• _WHAT YOU HAVE TO DO_:
Could you return, exactly as written, every line from the one containing "Bánh sinh nhật" through the last line of the entries below, leaving out the pictures?

• _INPUT DATA_:

****

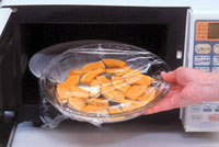 - ①かぼちゃは一口大に切り皮をむく。耐熱皿に重ならないように並べ、ラップをふんわりかけてレンジでやわらかくなるまで加熱し(写真)、熱いうちに裏ごす。
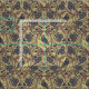 Esta tela tiene cuervos, libélulas y escarabajos rodeados de flores y hojas en tonos malva y gris sobre un fondo tostado.
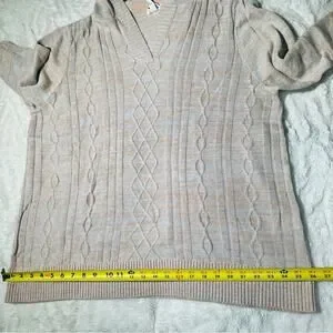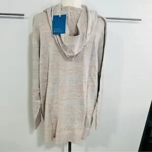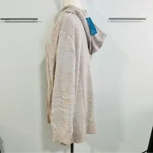 Market & Spruce Size 3X Casual Preppy Tan Neutral Cable Knit Hooded Sweater
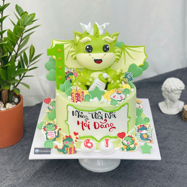 Bánh sinh nhật tạo hình 3d con rồng tuổi thìn màu xanh lá thôi nôi bé trai
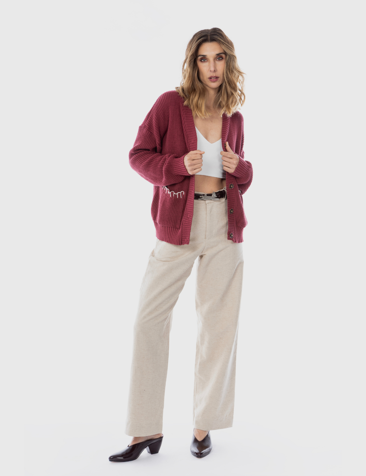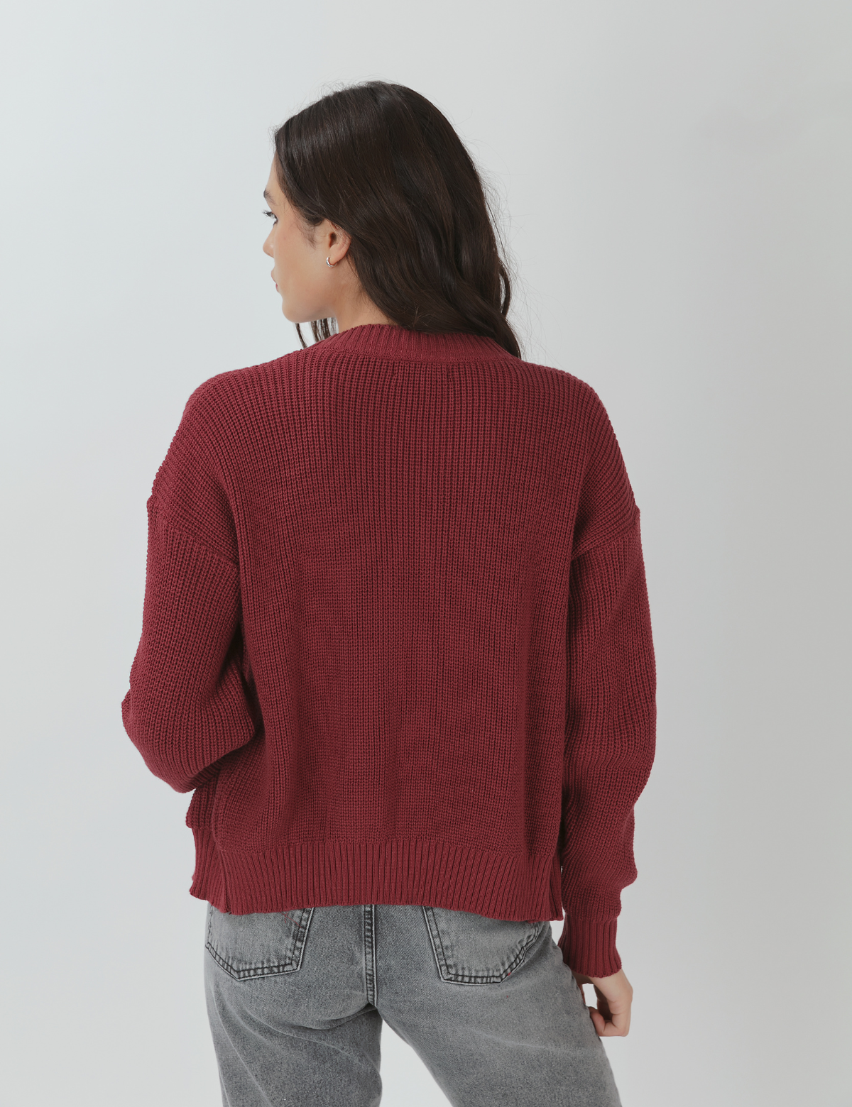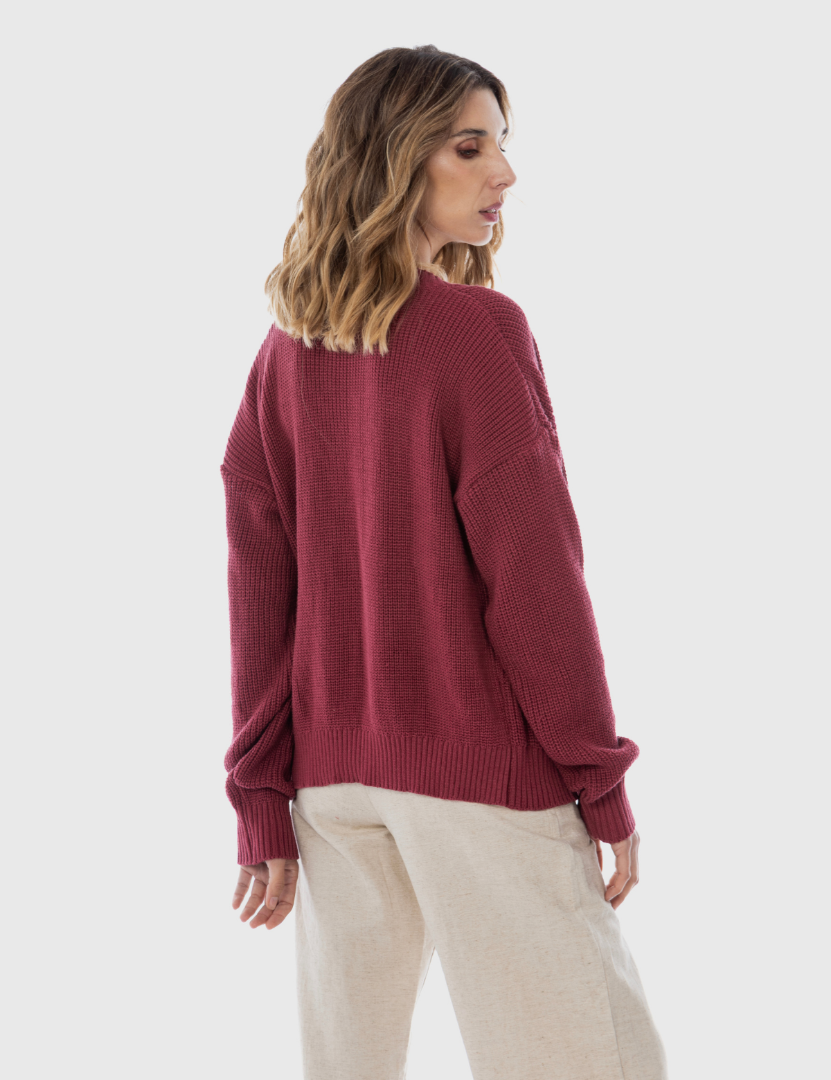 • Tejido plano grueso con rib en puños, basta y borde frontal.

****

• _WRITTEN ANSWER_:
 Bánh sinh nhật tạo hình 3d con rồng tuổi thìn màu xanh lá thôi nôi bé trai
 • Tejido plano grueso con rib en puños, basta y borde frontal.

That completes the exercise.